Department of Biochemistry and Molecular Genetics, School of Medicine, University of Colorado, Aurora, Colorado, USA.
PLoS Genet. 2011 Dec;7(12):e1002384. doi: 10.1371/journal.pgen.1002384. Epub 2011 Dec 1.
Transposable elements (TEs) are conventionally identified in eukaryotic genomes by alignment to consensus element sequences. Using this approach, about half of the human genome has been previously identified as TEs and low-complexity repeats. We recently developed a highly sensitive alternative de novo strategy, P-clouds, that instead searches for clusters of high-abundance oligonucleotides that are related in sequence space (oligo "clouds"). We show here that P-clouds predicts >840 Mbp of additional repetitive sequences in the human genome, thus suggesting that 66%-69% of the human genome is repetitive or repeat-derived. To investigate this remarkable difference, we conducted detailed analyses of the ability of both P-clouds and a commonly used conventional approach, RepeatMasker (RM), to detect different sized fragments of the highly abundant human Alu and MIR SINEs. RM can have surprisingly low sensitivity for even moderately long fragments, in contrast to P-clouds, which has good sensitivity down to small fragment sizes (∼25 bp). Although short fragments have a high intrinsic probability of being false positives, we performed a probabilistic annotation that reflects this fact. We further developed "element-specific" P-clouds (ESPs) to identify novel Alu and MIR SINE elements, and using it we identified ∼100 Mb of previously unannotated human elements. ESP estimates of new MIR sequences are in good agreement with RM-based predictions of the amount that RM missed. These results highlight the need for combined, probabilistic genome annotation approaches and suggest that the human genome consists of substantially more repetitive sequence than previously believed.

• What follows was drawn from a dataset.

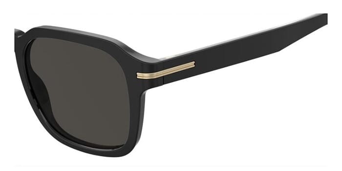 This square Hugo Boss sunglass comes in a black frame with grey lenses.

转座元件 (TEs) 通常通过与保守元件序列比对来在真核基因组中鉴定。使用这种方法,大约一半的人类基因组已经被鉴定为 TEs 和低复杂度重复序列。我们最近开发了一种高度敏感的新从头策略 P-clouds,它不是搜索序列空间中相关的高丰度寡核苷酸簇(寡核苷酸“云”)。我们在这里表明,P-clouds 预测了人类基因组中 >840 Mbp 的额外重复序列,因此表明人类基因组的 66%-69%是重复的或源自重复序列。为了研究这种显著差异,我们对 P-clouds 和一种常用的传统方法 RepeatMasker (RM) 检测高度丰富的人类 Alu 和 MIR SINE 不同大小片段的能力进行了详细分析。与 P-clouds 不同,RM 对即使是中等长度的片段也具有惊人的低灵敏度,P-clouds 对小片段大小(约 25 bp)具有良好的灵敏度。虽然短片段具有很高的假阳性内在概率,但我们进行了概率注释,反映了这一事实。我们进一步开发了“元素特异性”P-clouds(ESPs)来识别新的 Alu 和 MIR SINE 元件,并使用它我们鉴定了大约 100 Mb 以前未注释的人类元件。ESP 对新 MIR 序列的估计与 RM 基于 RM 错过的量的预测非常吻合。这些结果强调了需要联合、概率基因组注释方法,并表明人类基因组包含的重复序列比以前认为的要多得多。